The U.S. government is seeking to recover at least USD 2 million it says a founder of the bankrupt consumer credit counseling company AmeriDebt Inc. transferred to his father’s account in Latvia.
The money is part of the approximately USD 70 million the Federal Trade Commission says Andris Pukke and his wife earned from the company he co-founded in 1996.
AmeriDebt has agreed to shut down its debt management operation as part of a settlement with the FTC announced March 21. The government sued the company in November 2003, charging the company with deceiving consumers into paying at least USD 170 million in hidden fees. AmeriDebt asked for bankruptcy protection in July 2004.
The government says Pukke moved some of the money to accounts in foreign countries, including Latvia. It has asked the Federal District Court in Maryland to freeze Pukke’s assets and force him to return the money.
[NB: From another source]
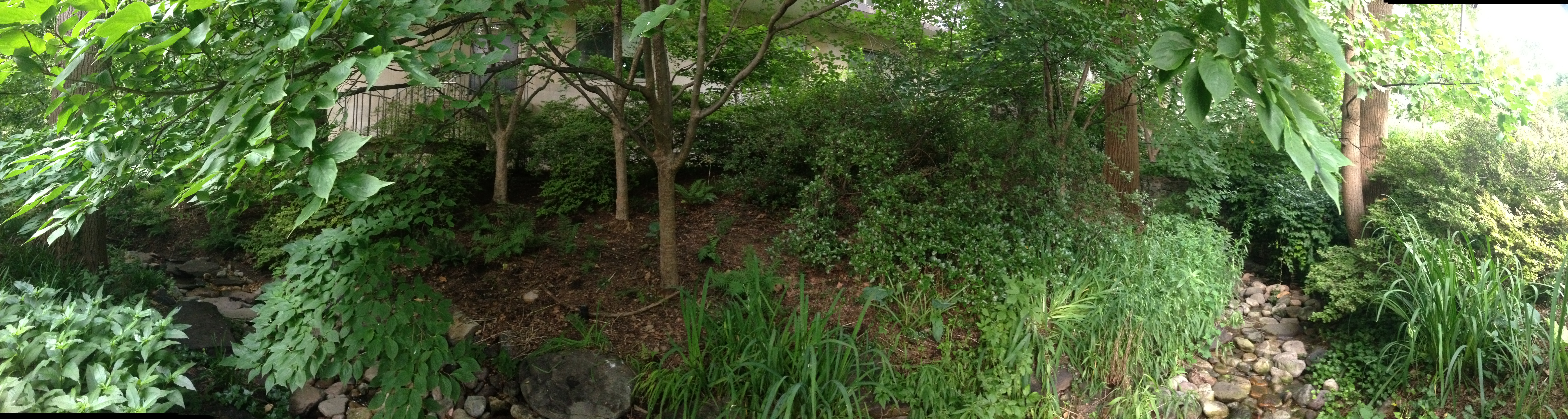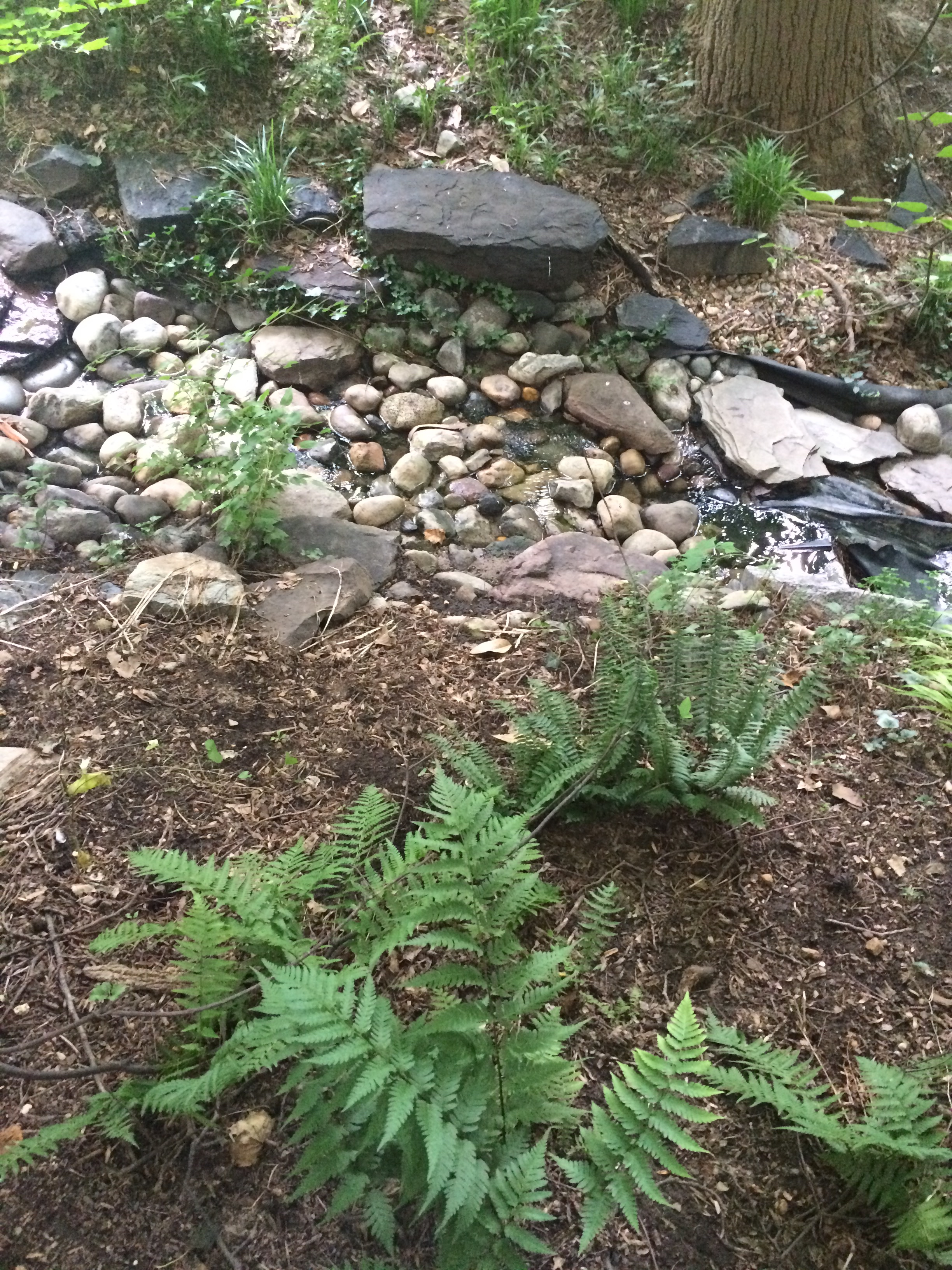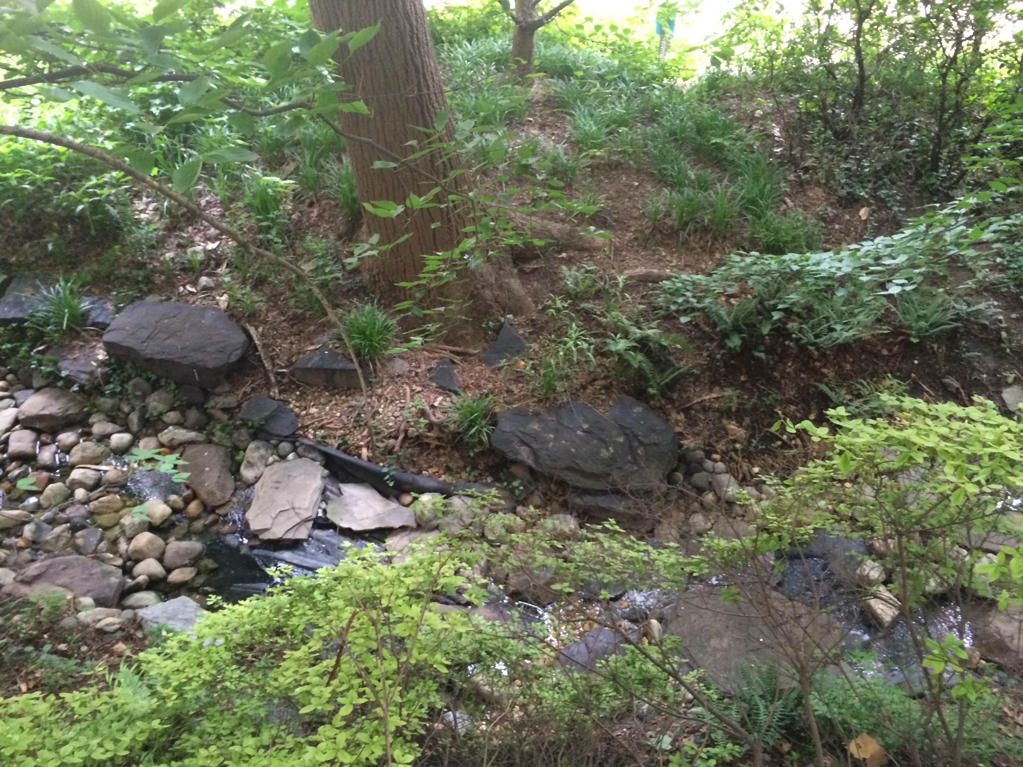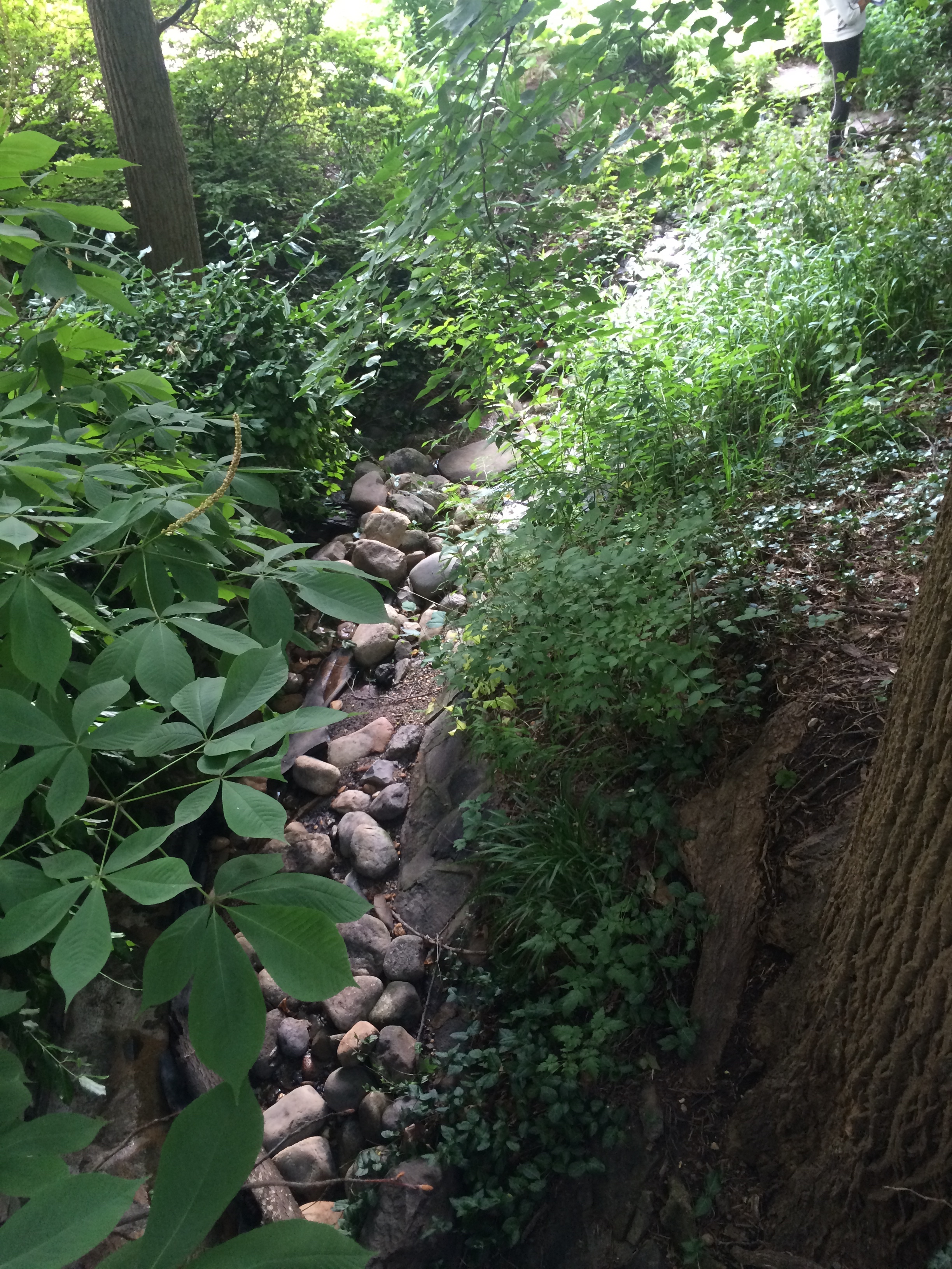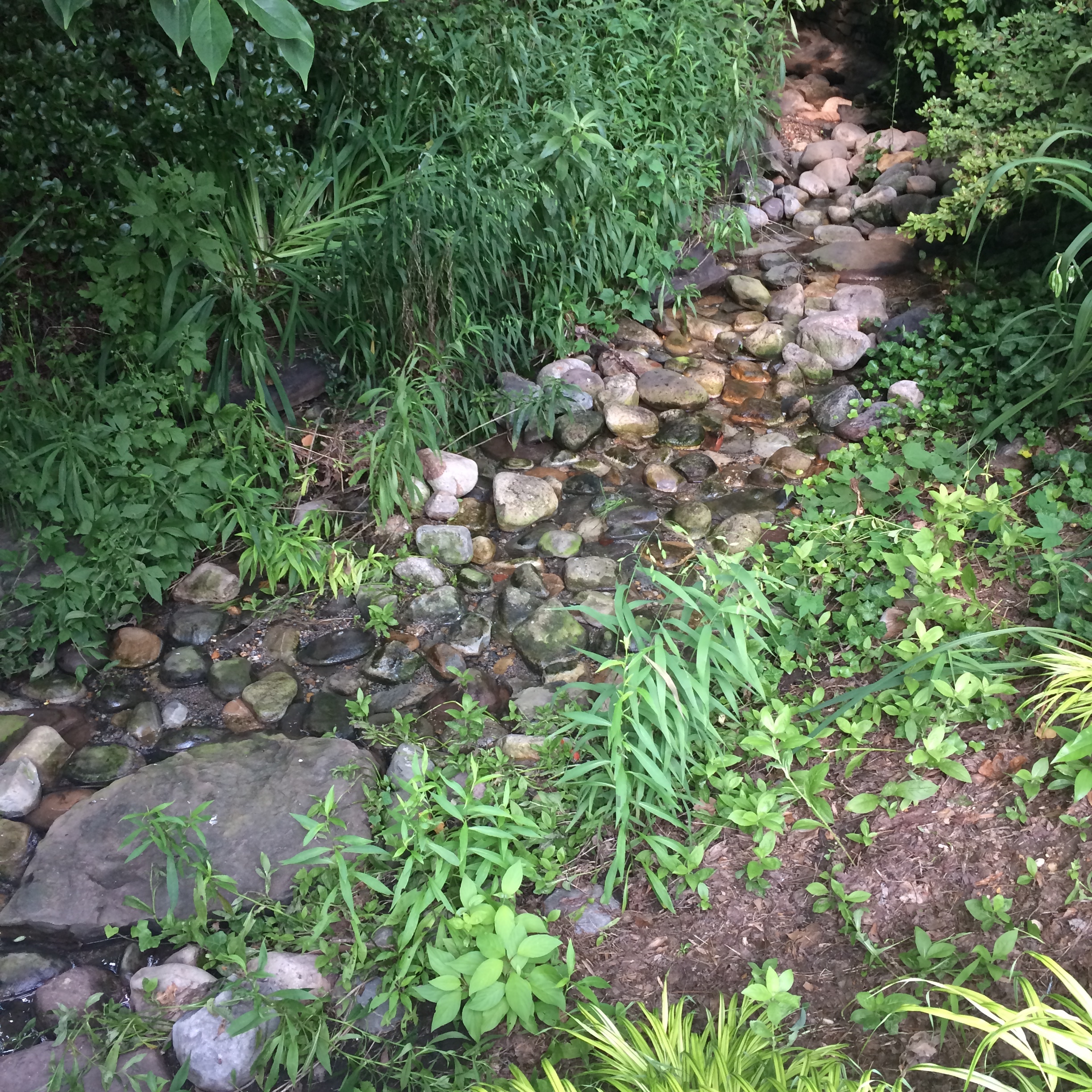 The selected transect consisted of trees, both big and small, with a stream running down the center of the transect. The stream was full of rocks along with sand. There was soil covering all the ground of the transect that was not the stream and there were bushes, ferns, weeds, and other plants. The transect was hilly, with the stream at the bottom and the land rising up on both sides of the stream. The biotic factors were the plants, trees, ferns, weeds, ants, and a few small birds. The plants and trees were spread around the stream, the birds were seen bathing in the stream, and the ants were seen crawling throughout the transect. The abiotic factors were the rocks, found in the stream, the water, dirt, air, and sand. The below images show the transect.

Pukke, his wife and others founded AmeriDebt Inc. in 1996 in Maryland. The company advertised that it helped consumers burdened with debt problems, arranging repayment plans with their creditors. AmeriDebt said it was a non-profit company, but it asked customers to make voluntary contributions to help its efforts. Pukke also set up DebtWorks, a for-profit company that processed payments for AmeriDebt.
Although it has settled with AmeriDebt, the FTC’s case against Pukke, his estranged wife and DebtWorks continues. In recent weeks, the government and Pukke’s attorneys have been arguing about whether his assets should be frozen.
Pukke’s attorneys maintain that Pukke and his companies did not deceive consumers. They filed court documents April 11 in which they also say their client’s current income goes to living expenses, tax payments and to his wife. “The transfers about which the FTC complains are past transfers, at a time when Mr. Pukke was in much better financial condition,” the attorneys wrote.
The FTC says Pukke directed the USD 2 million to be transferred from DebtWorks to his father sometime during 2003 or 2004.
Pukke’s troubles with authorities do not end with the federal government. He, his brother Eriks and the companies they control have also been sued in state courts in California, Illinois, Minnesota, Missouri and Texas.